Unlock a world of possibilities! Login now and discover the exclusive benefits awaiting you.
Colleagues,
during one of the discussions of the Qlik Community there was an idea to test in practice the following question. Often, in practice, there is a task to add to an existing table a new calculation field. The discussions often occur two variants.
Variant 1. Loading table starting (using From, Inline or Autogenerate). Next, using NoConcatenate to create a second table with all the fields of start table and add a new field. At the end of the starting table is deleted.
Variant 2. Loading table starting (using From, Inline or Autogenerate). Next, using Left Join add a new field.
Question: Which variant is faster when much data?
The following code was used for variant 1.
//load the start table
StartTable:
LOAD
RecNo() as ID,
Div(Rand()*100, 1) as Volume
AutoGenerate 100000000;
LET StartTime = Now(); //Start time
NoConcatenate
FinishTable:
LOAD*,
Volume - 50 as Volume1
Resident StartTable;
DROP Table StartTable;
LET FinishTime = Now(); //Finish time
LET ResultTime = Time(FinishTime - StartTime);
The following code was used for variant 2.
//load the start table
StartTable:
LOAD
RecNo() as ID,
Div(Rand()*100, 1) as Volume
AutoGenerate 100000000;
LET StartTime = Now(); //Start time
left Join
LOAD*,
Volume - 50 as Volume1
Resident StartTable;
LET FinishTime = Now(); //Finish time
LET ResultTime = Time(FinishTime - StartTime);
The measurements were performed on a single computer. For each variant, created from scratch a new clean database with no data. Create 100 million records in the starting table. Carried eight downloads the script of each variant.
The results were obtained as follows.
Variant 1
Example picture
The average download time was ~27,9 seconds.
Variant 2
Example picture
The average download time was ~33,0 seconds.
Conclusion: The rate of data download variant 1 above variant 2 download speed by ~18,3%. For a small data size speed difference is likely to be not noticeable, it may be used any of the variants. For large amounts of data difference of speed should be considered depending on the circumstances.
I am glad, if these measures show someone interesting.
Regards,
Andrey
Hi Andrey, you have to be concerned that your second approach has a severe vulnerability to data inconsistency risk. Consider that your fact table to which you are adding a new calculated field has several fully duplicated rows. This case is rather likely in real environments, and if you make a join like the one you mentioned you'll inevitably come with a set of unintentionally multiplicated records which will misrepresent your calculations. The code below is an illustration.

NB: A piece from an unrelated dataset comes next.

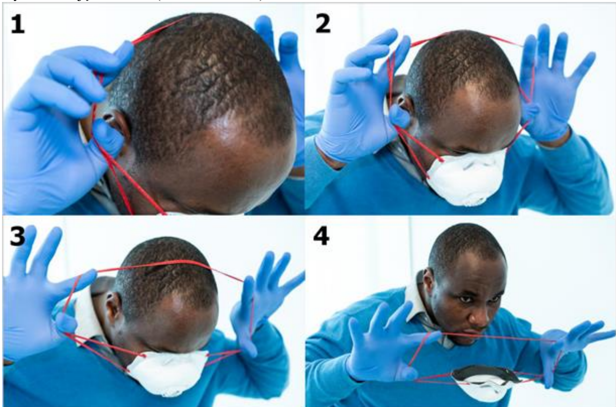
Ryc. 20. Zdjęcie maski (kroki od 1 do 4)

Ostatnimi rzeczami, które należy zdjąć są rękawice. Przed zdjęciem rękawic należy rozważyć użycie roztworu na bazie alkoholu. Rękawice należy zdjąć zgodnie z procedurą opisaną powyżej. Po zdjęciu rękawic należy wykonać higienę rąk.
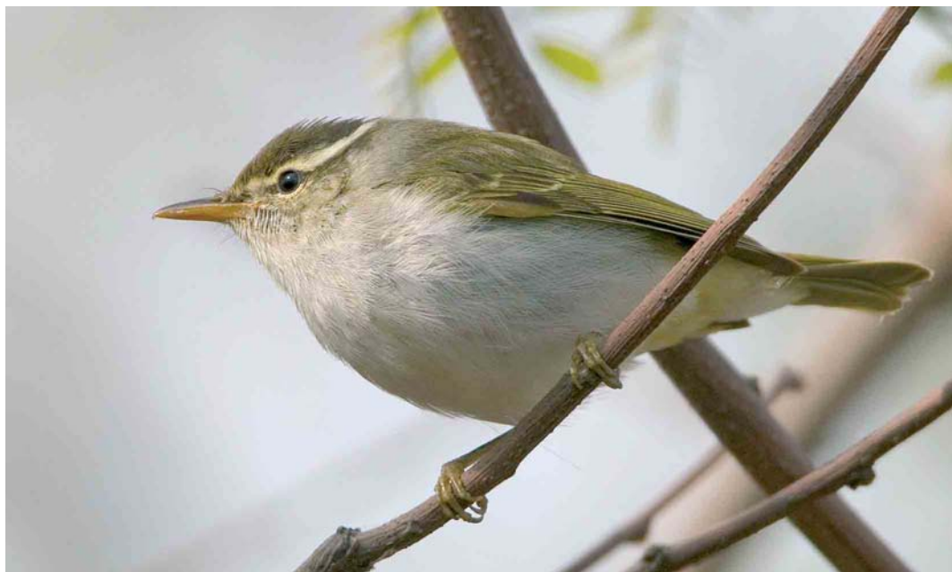
28 Eastern Crowned Warbler / Kroonboszanger Phylloscopus coronatus , Happy Island, Hebei, China, 4 May 2005. Eastern Crowned Warbler can appear rather similar to Arctic Warbler P borealis . Distinguishing features visible in this plate include the clean white underparts and the dark crown-side. 29 Eastern Crowned Warbler / Kroonboszanger Phylloscopus coronatus , Happy Island, Hebei, China, May 2005. From the Phylloscopus warblers recorded in the Western Palearctic, Eastern Crowned Warbler is the only species combining a pale median crown-stripe with plain tertials. Note also the strongly contrasting dark crown-side and the double wing-bar.

So I would strongly NOT recommend using Left Join for a task of adding a calculated field to a logical table. The safest and most practical method would still be using a temporary table with resident load from a previously loaded table and subsequent deletion of the latter. An alternative approach would be Preceeding Load feature, though it has it's own limitations, see Rob Wunderlich's article The Cost of Preceding Load | Qlikview Cookbook
/* load 3 records of data with 2 of them beeing fully similar */
[fact table]:
LOAD
*
Inline
[
Dim1 , Dim2 , Measure1
DimValue1-1 , DimValue2-1 , 1
DimValue1-1 , DimValue2-1 , 1
DimValue1-2 , DimValue2-2 , 2
]
;
/* adding a calculated field through Left Join */
Left Join ([fact table])
LOAD
*,
( Measure1 * 10 ) as Measure2
Resident
[fact table]
;
/* !!! ending up with 5 records of data, which is an undesired result */
Hi Vasily,
thank you for your reply and your thoughts. It was only on the comparison of download speed in those cases where the use of the left connection is possible (key fields by definition can not have two identical values, for example).
And of course you're right. We have to understand the applicability of the LEFT JOIN use at load.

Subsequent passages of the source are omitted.